(GIVEN MATERIAL Opens)
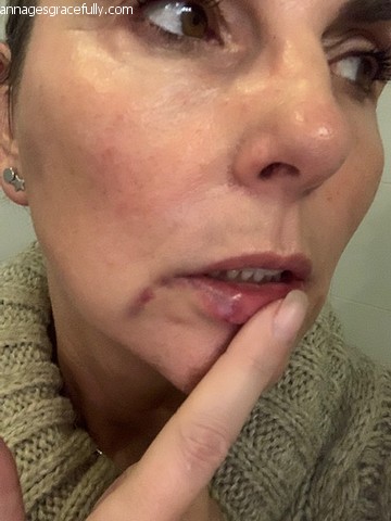In December (in de tweede week) had ik de tweede behandeling voor het mondgebied. Dat was een stukje pittiger. De traangoten werden opgevuld, de neus- lipplooi, mijn mondhoeken en een beetje mijn lippen. Heftig hoor maar het doet geen zeer, wederom door de verdoving die je krijgt. De mondhoekjes vond ik wel even vervelend en de meest pijnlijke plek.
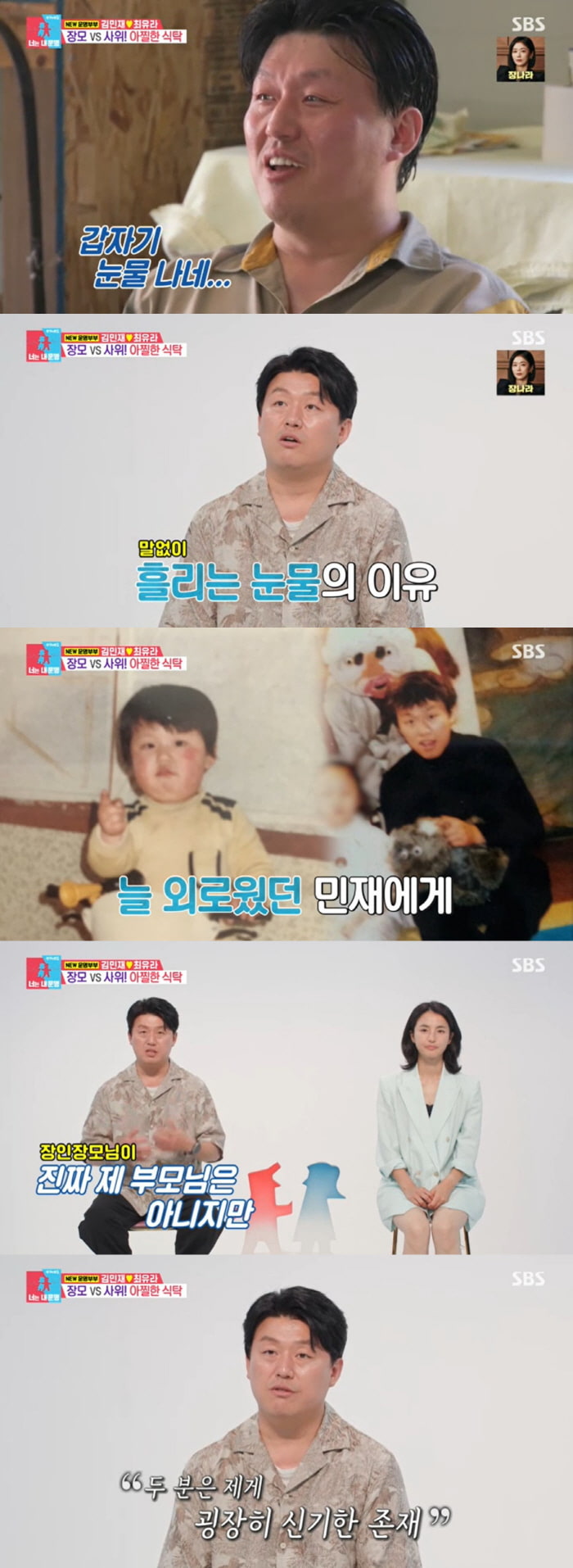 김민재는 "가족하고 오래 떨어져있다 보니까 모성애를 느끼면 울컥하나 보다"라고 밝혔고 장모님은 "남편들이 모성애를 아내한테 얻으려 하나.
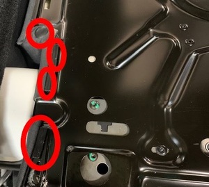 - Route the LH 3rd row seat connectors (x2) around the lower section of the upholstery, and then connect the connectors.
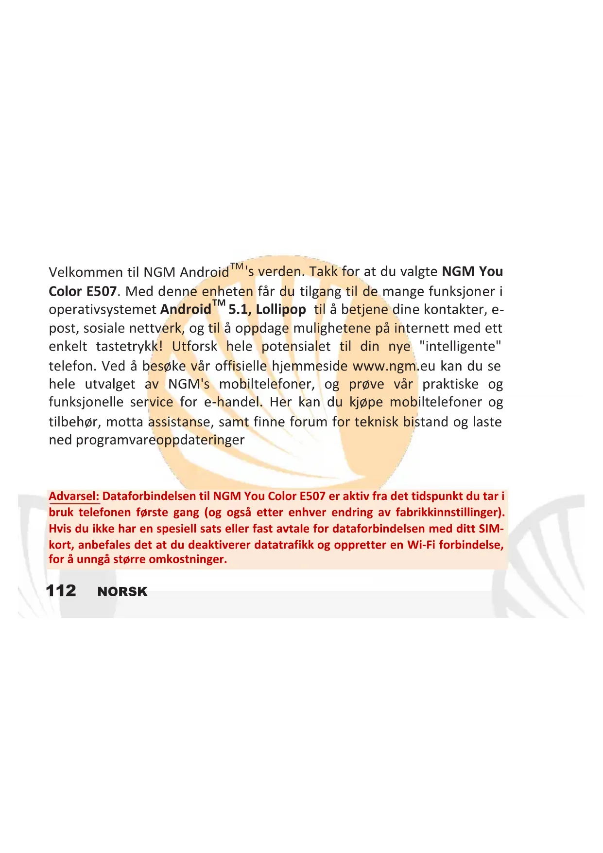 5.1, Lollipop til å betjene dine kontakter, e- post, sosiale nettverk, og til å oppdage mulighetene på internett med ett enkelt tastetrykk! Utforsk hele potensialet til din nye "intelligente" telefon. Ved å besøke vår offisielle hjemmeside www.ngm.eu kan du se hele utvalget av NGM's mobiltelefoner, og prøve vår praktiske og funksjonelle service for e-handel. Her kan du kjøpe mobiltelefoner og tilbehør, motta assistanse, samt finne forum for teknisk bistand og laste ned programvareoppdateringer
(GIVEN MATERIAL Closes)
With the pictures removed from your copy, retype the lines above from the one that contains "아내한테 얻으려 하나." through the one that contains "- Route the", exactly.

EXERCISE RESPONSE:
 김민재는 "가족하고 오래 떨어져있다 보니까 모성애를 느끼면 울컥하나 보다"라고 밝혔고 장모님은 "남편들이 모성애를 아내한테 얻으려 하나.
 - Route the LH 3rd row seat connectors (x2) around the lower section of the upholstery, and then connect the connectors.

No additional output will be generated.